I have found that well-bred pups from a reliable breeder are often less than the silly prices asked by people who are using their dogs as money making machines. Prices are particularly inflated at the moment as many people have decided that if they are at home they may as well get a puppy now, and the mills and BYBs are taking advantage of it being a seller's market. A few months ago prices on the internet were more in the £1200-1800 range, and even that was ridiculous for many of the pups on offer. I think you are very wise to do your research carefully, and take time to find the pup that is right for you. And always consider lifetime costs, rather than simply purchase price - a well-bred healthy puppy from parents who have been chosen for both health and temperament is a wise investment.


----------



## Mufar42 (Jan 1, 2017)

After reading thru this thread I am glad you have decided to wait. Waiting will also allow you to save more $ for a well bred puppy. I'm not familiar on how to buy a pup in the UK but I'd take this time to investigate. Find a breeder who knows their line of dogs and who health tests. Some members can tell you all the money a puppy ended up costing them before they were aware of the difference of buying from just anyone who bred their dog and a reputable breeder who knows their line of dogs. There is often a waiting list. Find a breeder you feel comfortable working with and who will be there for you when you have questions. Sometimes paying a bit more up front will save you much $ later on. Good luck in your search.


----------



## Vee (Mar 2, 2018)

Your doing the right thing waiting. 
Many good breeders aren’t planning to breed puppies until the pandemic is over so you are unlikely to see many quality litters pop up for a while. And as said by fjm back yard breeders are taking advantage of the sudden influx of people buying pups and putting prices up. A quality pup is often half that price! Also as people are not able to visit puppies at the moment you can’t see where pups are raised or assess the temperament of the dam which is a deal breaker for me. Also with the lockdown there are many scammers making fake adverts on sites like pets4homes and taking deposits for non existent pups.

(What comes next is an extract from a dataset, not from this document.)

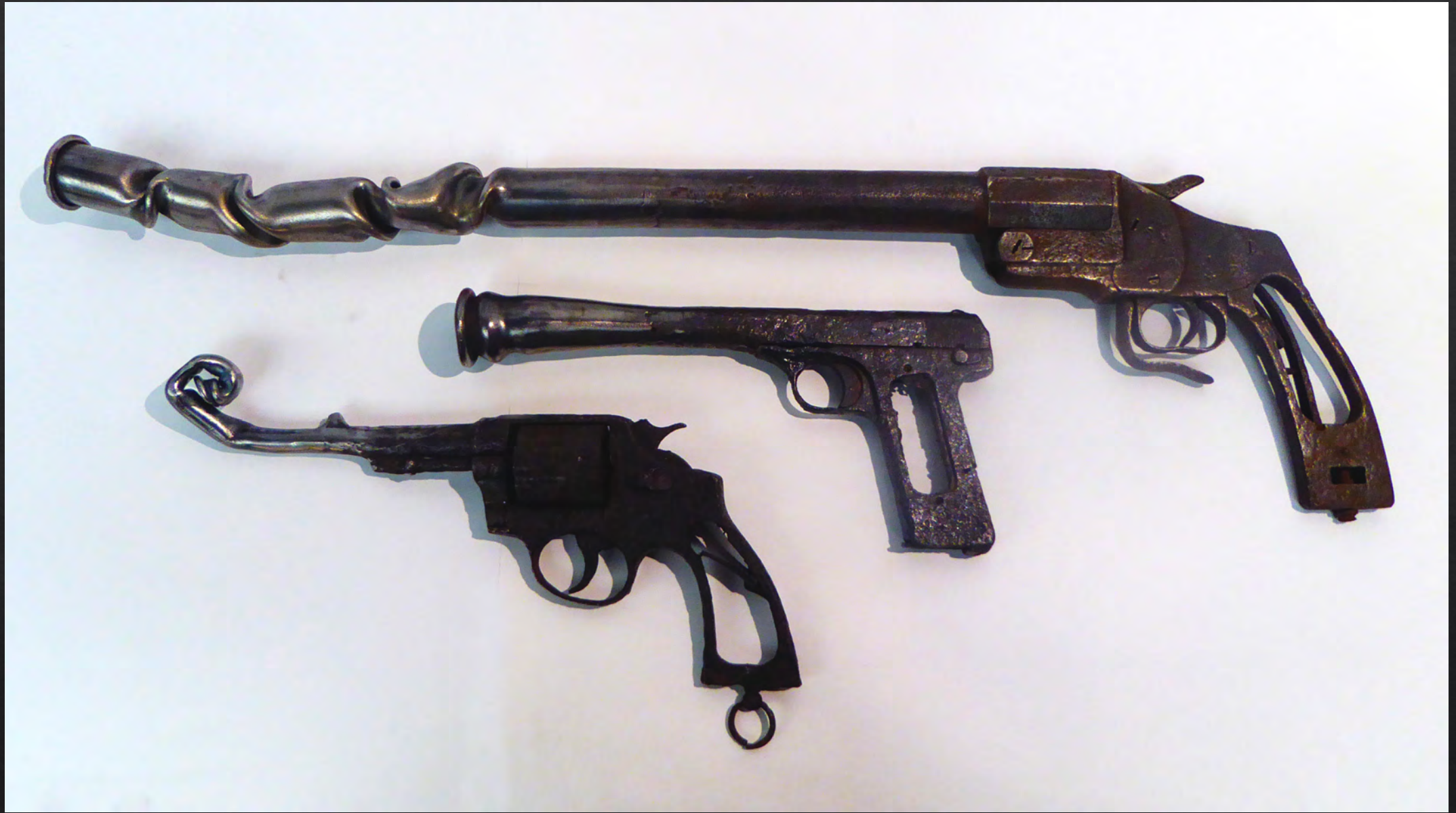
Caroline BRISSET, Guns , 2018, 18x67x4 cm (le plus grand), acier, arme de la 1 ère guerre mondiale

Champdogs and kc are definitely the best route to take as sire and dam have to be kc registered and most are health tested on these platforms. I went on the waiting list on champdogs myself when getting my girl it took over a year though as the litter had to tick the boxes. 

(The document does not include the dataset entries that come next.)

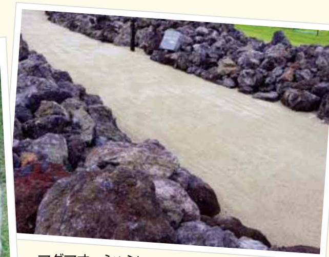
マグマオーシャン
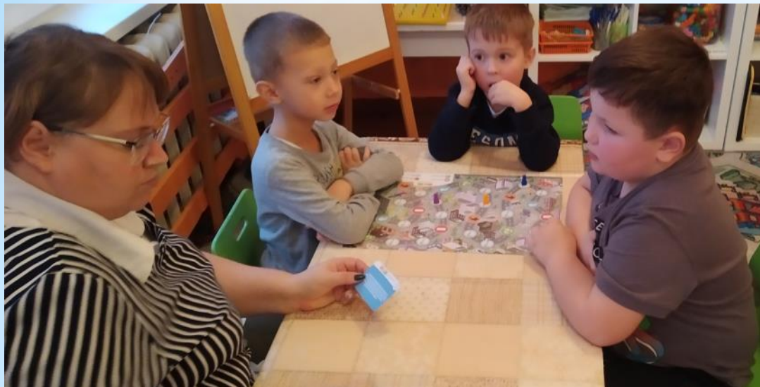
Дидактическая игра «ПДД»
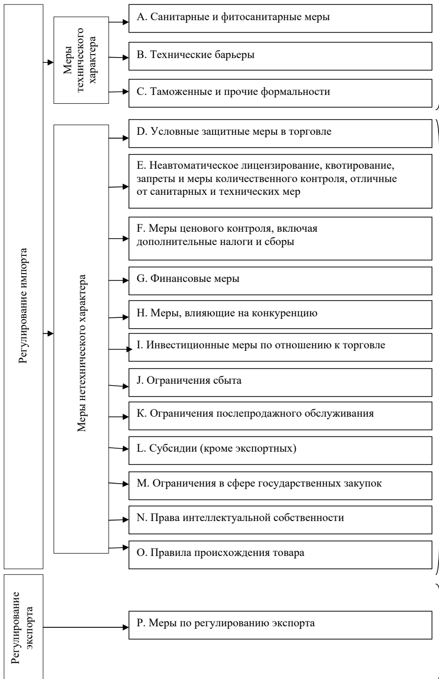
Рис. 3. Классификация нетарифных мер регулирования внешней торговли ЮНКТАД, 2008 г. (с изменениями 2009 и 2012 гг.) (выполнен автором по данным https://unctad.org )
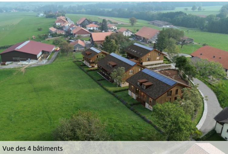
Vue des 4 bâtiments
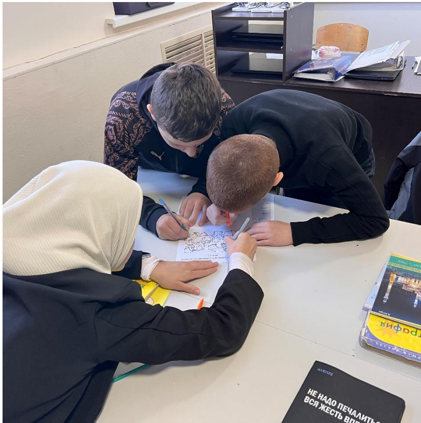
Игра «У карты мира»
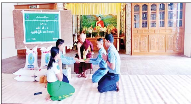
ဦးသူရိယထံသို့ ဆွမ်းဆန်တော် ခုနစ်အိတ်၊ ဆီ ငါးပိဿာ၊ ကုလားပဲ ငါးပိဿာနှင့် လှူဖွယ်ပစ္စည်းများ ဆက်ကပ်လှူဒါန်းခဲ့ကြောင်း သိရသည်။ သတင်းစဉ်

ထိုသို့လှူဒါန်းလျက်ရှိရာ ယနေ့နံနက်ပိုင်းတွင် ရေဖြူမြို့နယ် (ဃ)ရပ်ကွက်ရှိ သာသနာ့ပိလကျောင်းသို့ ရေဖြူမြို့နယ် ဖွံ့ဖြိုးမှုကြီးကြပ်ရေးရုံးမှ တာဝန်ရှိသူများ သွားရောက်၍ ကျောင်းထိုင်ဆရာတော်
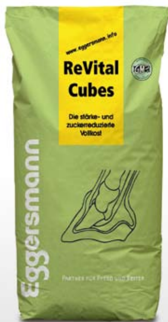
Pellets 25 kg sekk
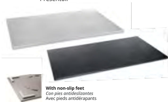
P2261 Display plate Soporte presentación Présentoir

With non-slip feet Con pies antideslizantes Avec pieds antidérapants
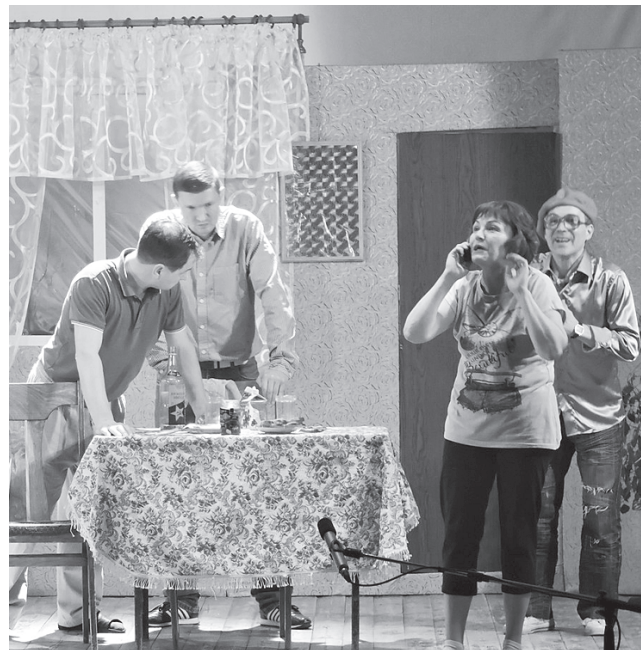
Сцена из спектакля «Семейный детектив».
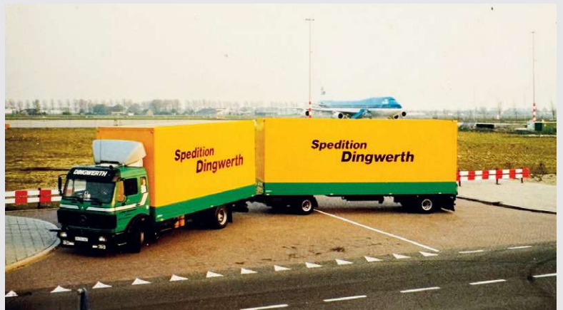
1988 – Anschaffung erster Koffer-LKW

There are breeders on champdogs of apricots and a few reds maybe contact a few and see if they have any planned litters? You may have to go on a waiting list. Also ask the owners of any studs you like the look of, if they have mated any bitches.


----------



## Sraholiv (May 10, 2020)

Hello everyone
Firstly I would like to thank everyone SO SO MUCH for persuading me to wait. 
For some reason, I thought finding a pedigree pup would be a lot harder than it actually is (think secret connections and elite groups 😂) 
I spent a few hours this morning messaging all England and Wales based toy poodle breeders on Champdogs, enquiring if they had a litter available. It’s only been a few hours and the majority have not replied BUT we have found a breeder who is planning a litter in two months! 
I contacted her and asked if we could be put down on the waiting list and she accepted !! We are beyond ecstatic! By her profile, I can see she mainly focuses on red and apricot pups... this is like a dream come true!

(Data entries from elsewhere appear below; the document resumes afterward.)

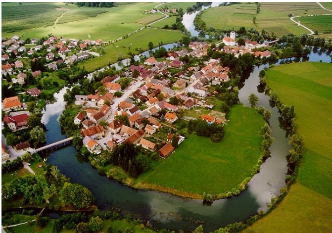
Slika 6: Kostanjevica na Krki

V samostanu je danes Galerija Božidar Jakac. Že leta 1956 je bila na pobudo tedanjega ravnatelja na osnovni šoli ustanovljena Gorjupova galerija. Leta 1961 se je na samostanu prvič odvijal mednarodni simpozij kiparjev, Forma viva. Na njem kiparji na vsake dve leti izdelujejo kipe iz hrastovega lesa. Ko je zbirka na osnovni šoli postala prevelika, so jo leta 1974 prestavili v samostan, kjer je začela delovati Galerija Božidar Jakac. Božidar Jakac (1899 - 1989) je bil slovenski slikar in grafik, ki je prvi podaril dela za galerijo. Podaril je okoli 300 grafik, danes pa so razstavljene samo tiste iz njegovega študentskega obdobja. Študiral je v Pragi, razstava pa je razdeljena na dva dela - mestni in kulturni utrip.
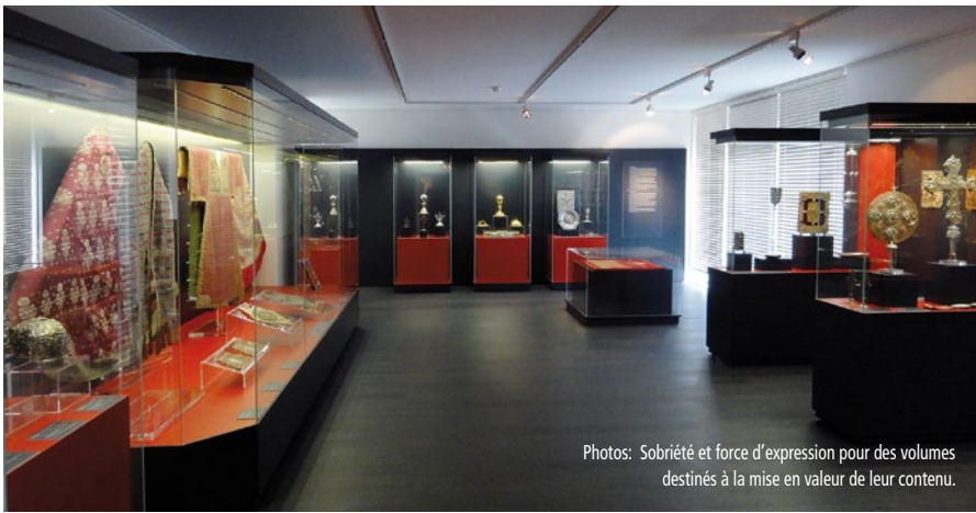
Photos: Sobriété et force d'expression pour des volumes destinés à la mise en valeur de leur contenu.
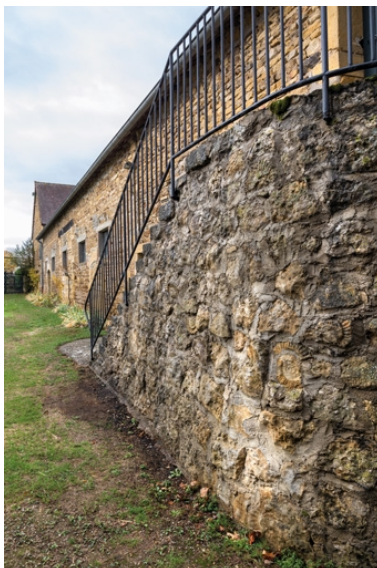
Vue de la grange et de l'escalier, à l'extrémité nord du bâtiment, dont la maçonnerie présente des fossiles
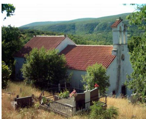
Prilog 31. Crkva sv. Jovana, Bilišani Donji.
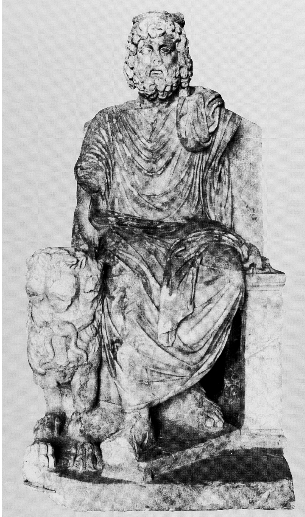
Res. 7 Hierapolis Tiyatrosunda bulunmuş Severuslar dönemine tarihlenen Hades/Plouton heykeli (Ruth 1988, Hades 8)

however, now the initial bliss has slightly worn off, I’m not sure how to approach the topic of price, gender and how far down we are on the waitlist. We’ve never bought from a professional breeder and I’m intimidated.

She said she had two litters planned this year and I wouldn’t mind waiting for the second litter but i’m a really curious person...

Would it be rude to ask the price of the pups or how far down I am on the waiting list? 
Is there an etiquette around dog breeding that I should know about?
What if I’m added to another waiting list of another breeder? She I let both of them know??

i just don’t want to make a fool of myself...
thank you for your help


----------



## Raindrops (Mar 24, 2019)

Congrats that's awesome! This sounds like a good plan. I don't know if it differs in the UK, but I don't think it's rude at all to ask about price, so long as you've had plenty of conversation to make it clear that it's not your top priority and you have an idea of what to expect. Breeders tend to just hate people who contact them and immediately say "how much for *__*?" as if they don't care about anything else. The questions about health and temperament of the dam/sire should happen before mention of price. I am not 100% sure about waitlist etiquette. Hopefully somebody will chime in. When in doubt, I'd ask the breeder about it as if you have no idea what to do, and just have them tell you how they like to do things.


----------



## Rose n Poos (Sep 22, 2017)

I don't think it's unreasonable to ask about what it means to be on their waitlist. At what point does it become a commitment, before or after a deposit is given? And it's fair to let them know that you were so happy about finding some quality breeders to connect with that you have messaged a few in hopes of finding choices in the right combination of breeder and pup. Just by looking over a few of the listings on Champdog I can see that some of these breeders are obviously in communication with each other since one has the sire and another has the dam of a joint litter. It's best to be open but do ask as soon as you can so they know they can trust you too. Good breeders tend to be fairly close knit community. 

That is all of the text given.